__The task__.
What this exercise requires is a verbatim reproduction of the data below.

__Data extract__.
○ ○ ○ ○ ○
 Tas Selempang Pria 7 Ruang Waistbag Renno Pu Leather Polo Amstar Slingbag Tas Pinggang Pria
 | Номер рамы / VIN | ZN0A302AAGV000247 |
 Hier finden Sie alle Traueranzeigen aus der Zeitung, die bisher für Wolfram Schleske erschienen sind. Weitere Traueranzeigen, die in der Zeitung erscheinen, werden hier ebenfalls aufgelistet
○ ○ ○ ○ ○
__Answer space__.
 Tas Selempang Pria 7 Ruang Waistbag Renno Pu Leather Polo Amstar Slingbag Tas Pinggang Pria
 | Номер рамы / VIN | ZN0A302AAGV000247 |
 Hier finden Sie alle Traueranzeigen aus der Zeitung, die bisher für Wolfram Schleske erschienen sind. Weitere Traueranzeigen, die in der Zeitung erscheinen, werden hier ebenfalls aufgelistet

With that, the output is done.